The Teacher’s Task: Translation in a High School English Classroom

They had stumbled upon a fundamental question that interested them more than Benjamin: what does it mean to produce something original?

Where did you first encounter translation—at home, in a classroom, online? In the following essay, Kena Chavva reflects on her experience prompting high school students to consider their own interactions with language and translation, and the ways both shape their lives and the world around them. Throughout the course, she and her students delved into questions of authenticity and identity, of faithfulness and creativity, seeming always to come back to concerns of originality: translation or not, how can we make something that is truly our own? 

It’s not uncommon to hear teachers speak of the joy in teaching something that they, as individuals, love. I had experienced something akin to this in my first year of teaching high school English—I adore Frankenstein and have an abiding affection for Macbeth, and when I taught those texts, it was clear to both me and my students that we were having a better experience of the literature and one another than we’d had with The Canterbury Tales some several months earlier.
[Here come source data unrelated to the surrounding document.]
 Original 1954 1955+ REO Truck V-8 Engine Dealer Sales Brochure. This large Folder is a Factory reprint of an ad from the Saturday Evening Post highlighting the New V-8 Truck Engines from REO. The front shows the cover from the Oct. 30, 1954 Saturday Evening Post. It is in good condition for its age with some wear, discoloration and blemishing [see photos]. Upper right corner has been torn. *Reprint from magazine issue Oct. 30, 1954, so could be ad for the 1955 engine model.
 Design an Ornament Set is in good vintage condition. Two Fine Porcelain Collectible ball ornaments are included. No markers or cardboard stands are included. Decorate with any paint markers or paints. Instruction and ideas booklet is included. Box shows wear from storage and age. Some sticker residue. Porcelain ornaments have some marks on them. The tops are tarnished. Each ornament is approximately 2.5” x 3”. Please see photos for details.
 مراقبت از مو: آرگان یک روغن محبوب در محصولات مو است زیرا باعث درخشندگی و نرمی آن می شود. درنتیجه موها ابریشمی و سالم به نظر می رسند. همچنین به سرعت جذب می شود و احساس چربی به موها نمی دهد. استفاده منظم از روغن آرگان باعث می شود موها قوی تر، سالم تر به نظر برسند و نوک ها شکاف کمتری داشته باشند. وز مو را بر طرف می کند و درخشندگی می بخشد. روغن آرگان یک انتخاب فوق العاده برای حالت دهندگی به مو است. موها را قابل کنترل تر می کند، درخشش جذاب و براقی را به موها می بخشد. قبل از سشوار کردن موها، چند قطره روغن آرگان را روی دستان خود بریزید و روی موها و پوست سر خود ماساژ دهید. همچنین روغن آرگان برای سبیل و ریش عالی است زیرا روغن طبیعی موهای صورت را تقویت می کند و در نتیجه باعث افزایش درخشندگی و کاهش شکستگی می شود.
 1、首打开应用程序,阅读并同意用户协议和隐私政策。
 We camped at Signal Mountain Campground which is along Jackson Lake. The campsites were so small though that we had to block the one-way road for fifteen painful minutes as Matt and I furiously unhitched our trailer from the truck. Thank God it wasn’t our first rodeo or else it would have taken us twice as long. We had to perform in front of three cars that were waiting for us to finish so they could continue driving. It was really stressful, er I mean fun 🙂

But what I’ve always found less commonly discussed is how soul-crushing it is to teach something you deeply love when your students aren’t responding to it the way you hope they will.

For me, that text was an excerpt from Pascale Casanova’s 1999 book The World Republic of Letters. The first chapter, titled “Principles of a World History of Literature”, outlines some of the hidden rules that govern the world’s literary economy:

In thrall to the notion of literature as something pure, free, and universal, the contestants of literary space refuse to acknowledge the actual functioning of its peculiar economy, the “unequal trade” (to quote Braudel once more) that takes place within it.
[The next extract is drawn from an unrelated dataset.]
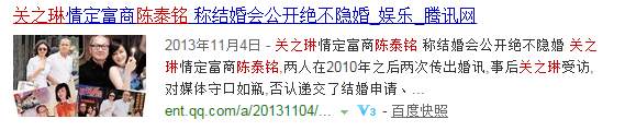 虽然不知道关之琳和陈泰铭是什么时候结婚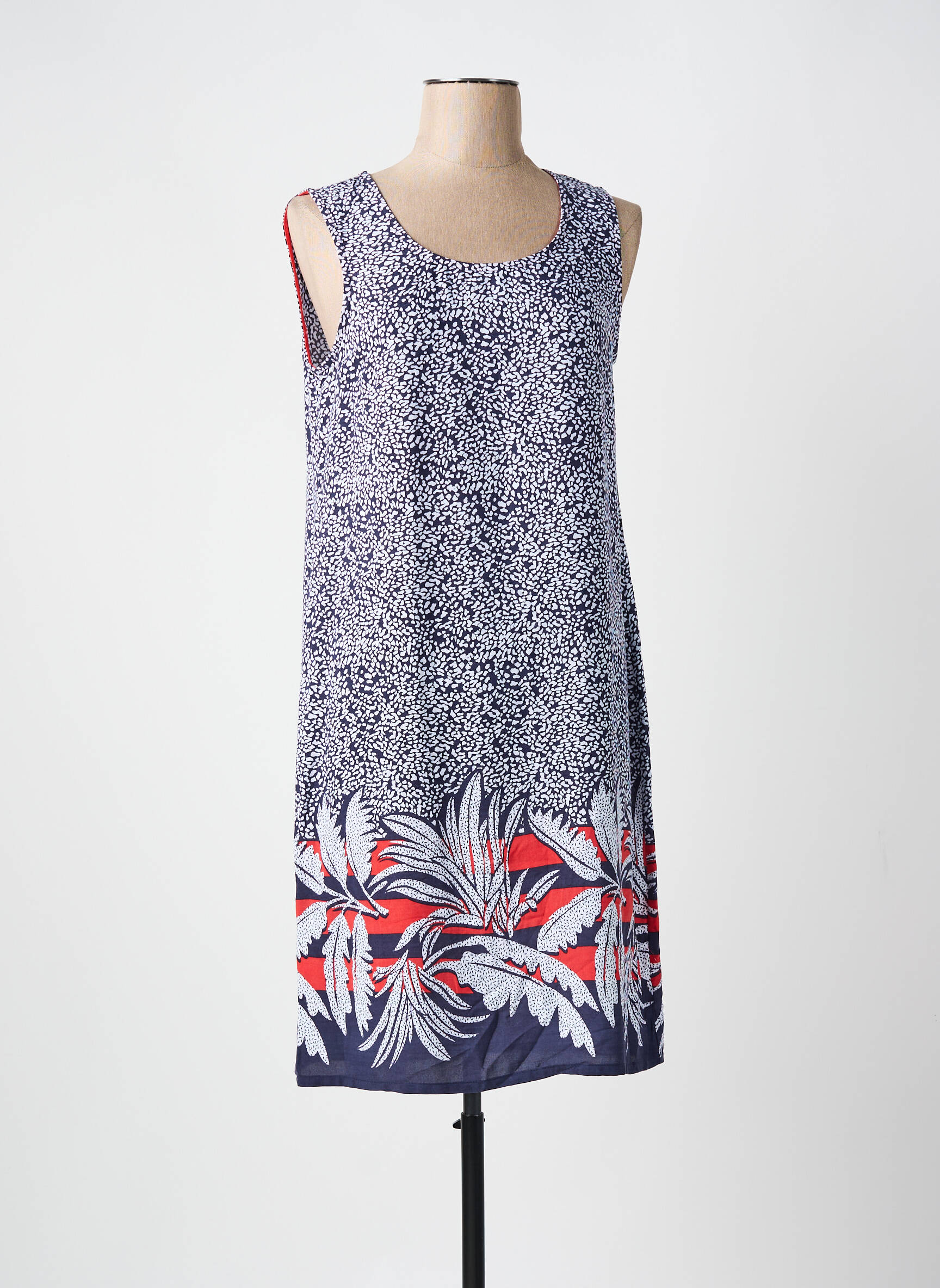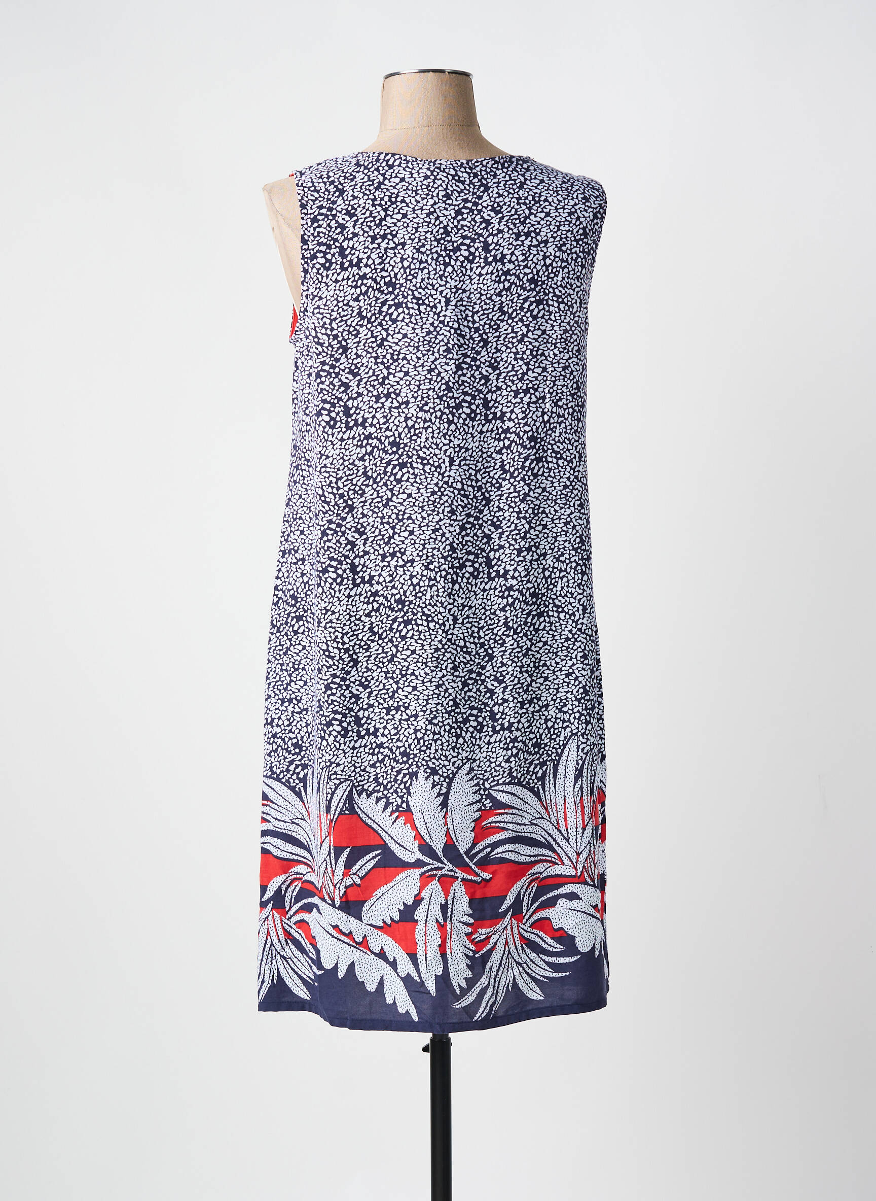 Saisissez l’opportunité de vous offrir cette robe mi-longue de la marque MASSANA à prix malin, parfaite pour celles qui souhaitent allier style et budget maîtrisé. Son motif délicat allie un imprimé moucheté moderne sur le haut à un motif feuillage coloré en bas, rehaussé de touches rouges et blanches qui apportent de la fraîcheur à votre tenue. Sa coupe droite sans manches assure un confort optimal tout en mettant en valeur la silhouette de façon naturelle, idéale pour profiter des beaux jours sans compromis entre élégance et petits prix.

Casanova goes on to explain how “Literary value therefore attaches to certain languages” and that “…literature is so closely linked to language that there is a tendency to identify the “language of literature”—the “language of Racine” or the “language of Shakespeare”—with literature itself”. When I first read this very same chapter as a junior in college, it felt the way that education should feel: like you were presented with a framework through which to understand your lived experiences.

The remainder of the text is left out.